Midodrine and desglymidodrine diffuse poorly across the blood–brain barrier and are therefore peripherally selective and are not associated with effects in the central nervous system.

Neither midodrine nor desglymidodrine are substrates of monoamine oxidase.

==Chemistry==
Midodrine, also known as 2,5-dimethoxy-β-hydroxy-N-(aminoethanonyl)phenethylamine, is a substituted phenethylamine derivative.

Midodrine is an odorless, white, crystalline powder, soluble in water and sparingly soluble in methanol.

Midodrine's experimental log P is -0.5 and its predicted log P ranges from -0.49 to -0.95. The predicted log P of its active metabolite desglymidodrine ranges from -0.01 to 0.15.

===Stereochemistry===
Midodrine contains a stereocenter and consists of two enantiomers, making it a racemate; i.e., a 1:1 mixture of (R)- and (S)-forms:

Enantiomers of midodrine
| (R)-midodrine CAS number: 133163-25-4 | (S)-midodrine CAS number: 133267-39-7 |

===Synthesis===
Acylation of 1,4-dimethoxybenzene with chloroacetyl chloride gives the chloroketone 2. The halogen is then converted to the amine 3 by any set of standard schemes, and the ketone reduced to an alcohol with borohydride (4). Acylation of the amino group in this last intermediate with chloroacetyl chloride affords the amide 5. The halogen is then displaced with azide and the resulting product 6 reduced catalytically to the glycinamide, midodrine (7).

Synthesis of midodrine See also:

==History==
Midodrine was discovered by 1971. It was approved in the United States by the Food and Drug Administration (FDA) in 1996 for the treatment of dysautonomia and orthostatic hypotension.

In August 2010, the FDA proposed withdrawing this approval because the manufacturer, Shire plc, failed to complete required studies after the medicine reached the market. In September 2010, the FDA reversed its decision to remove midodrine from the market and allowed it to remain available while Shire plc collected further data regarding the efficacy and safety of the drug. Shire announced in September 2011, that it was withdrawing completely from supplying midodrine. Midodrine remains available as a generic drug.

==Society and culture==
===Names===
Midodrine is the generic name of the drug and its international nonproprietary name and British Approved Name.

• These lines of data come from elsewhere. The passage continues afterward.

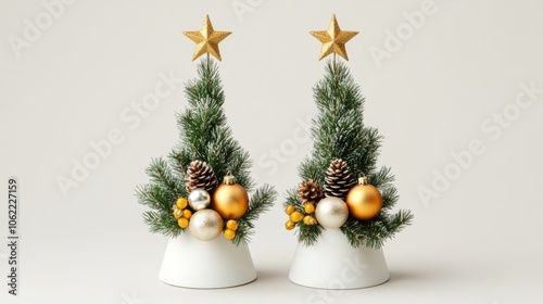 Merry Christmas and Happy New Year! Festive composition of a white Christmas tree with a star and green pine branches around it on a light background in a minimalist style.
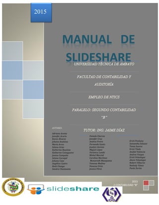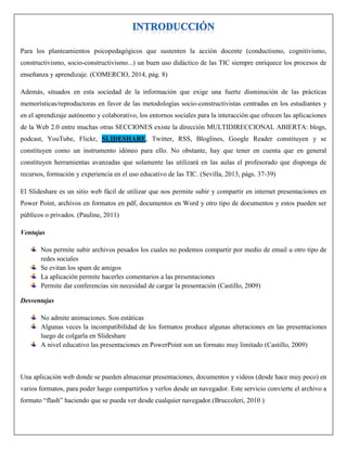 Slideshare es una plataforma web que permite a los usuarios subir, compartir y ver presentaciones en formato de diapositivas. Los usuarios pueden subir presentaciones en formatos como PowerPoint, PDF y documentos de Word. Slideshare se ha convertido en una gran comunidad online para compartir conocimiento a través de presentaciones visuales de manera gratuita.
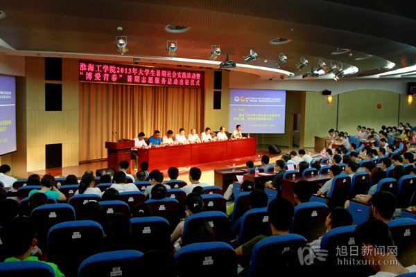 6月21日下午,我校2013年大学生暑期社会实践出征仪式在会议中心黄海厅隆重举行。校领导陈明辉、宁晓明出席仪式,连云港市红十字会副会长贺美来,校党委宣传部、学工部、教务处、校团委负责人,各学院党委副书记、团委书记,以及即将出征的学生代表200余人参加了出征仪式。
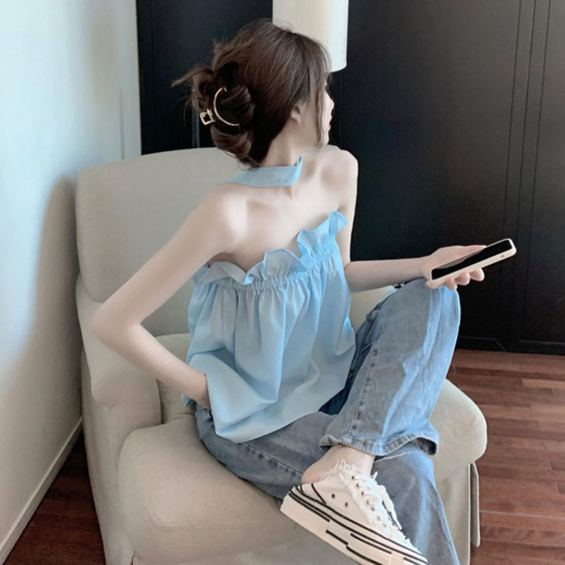 一字肩上衣设计感女夏季新款设计感小众木耳边吊带背心女外穿
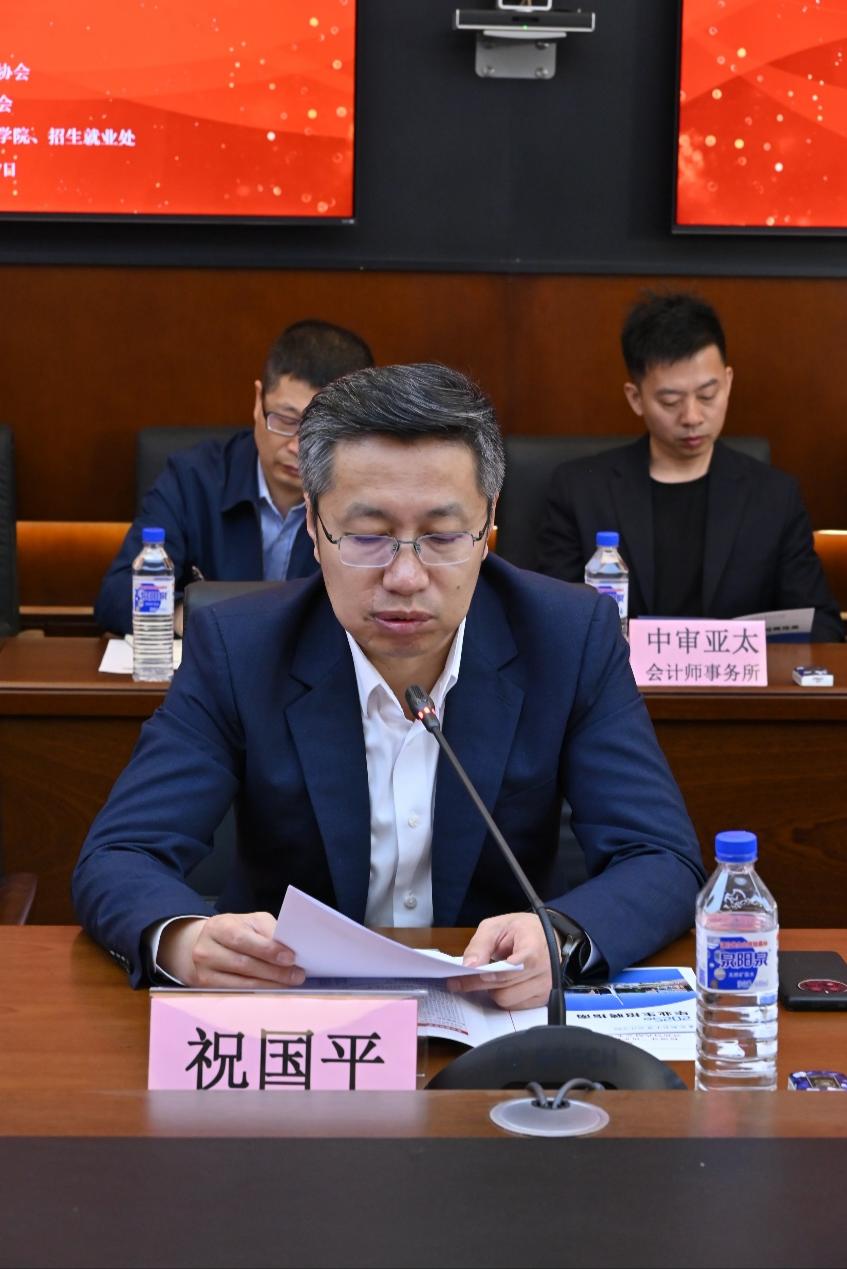 祝国平指出,本次“访企拓岗”活动,是学校响应国家政策、服务吉林高质量发展、主动对接行业需求的务实之举,既是深化政行企校协同育人、推动财会人才高质量发展的重要活动,更搭建了学校与行业部门共商发展、共谋人才培养的宝贵平台,也必将为深化校企合作、推动新时代财会类专业发展带来新的契机与活力。祝国平强调,学校始终秉持服务国家和地方经济发展的办学宗旨,高度重视与行业协会、企业的深度合作,尤其在财会领域培养出了大批理论扎实、实践能力强的优秀学生。在今后工作中,期待与行业部门进一步加强合作,深化行业标准与人才培养的对接,进一步丰富合作形式,共同培养出更多理论与实践兼备、创新与担当并存的高素质财会人才。
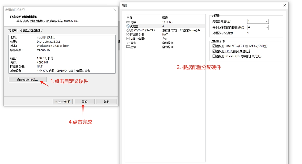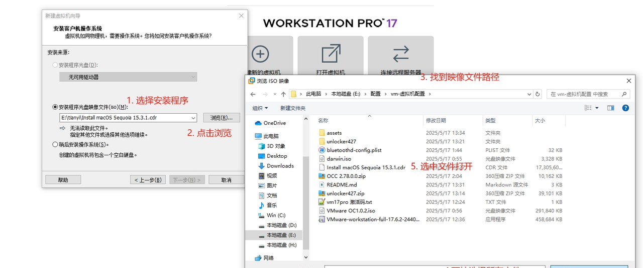 文件名称 描述 VMware-workstation-full-17.6.2-24409262.exe 安装vm虚拟机 vm17pro 激活码.txt 用于激活vm unlocker427.zip 让vm支持安装mac苹果系统补丁 VMware OC1.0.2.iso 添加OC引导 OCC 2.78.0.0.zip OpenCore Configurator工具用于编辑OC config darwin.iso 用于主机向mac系统拷贝文件
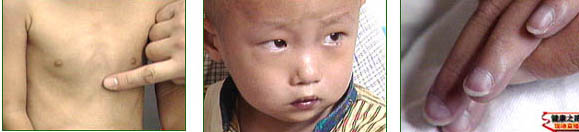 主持人:先天性心脏病有哪些症状? 李守军:先天性心脏病的症状表现在两个方面1、心衰和心功能不全的表现。如刚出生时呼吸急促、吃奶比较费力、喂养比较困难、容易得肺炎,随着年龄的增加症状会随着加重,继续发展可能会出现胸廓隆起、心尖跳动很强等症状,用手放在心脏部位会有异常的震动感。2、缺氧和紫绀的表现。如嘴唇和口腔黏膜青紫、手指尖发暗或发青,紫绀如果逐渐加重,孩子就比较容易死亡。来看一段片子,小孩的脸色比正常人偏暗,还有一些发紫,吃奶或活动后加重并伴有手指肿大等。 郭岩:小孩有时哭闹后也会有口唇或周边部位发暗、发紫的情况,这种情况与紫绀的区别在于,有紫绀的孩子稍微一哭就会有发紫的现象,更严重的在静止状态下也会有发紫的现象,吃奶时吃了几口后就有喘不了气的感觉。

In the case of the hydrochloride salt, its generic name is midodrine hydrochloride and this is its United States Adopted Name, British Approved Name, and Japanese Accepted Name. Midodrine is also known by its developmental code names ST-1085 and TS-701. Midodrine has been sold under brand names including Amatine, Gutron, Midamine, Midon, and Proamatine, among others.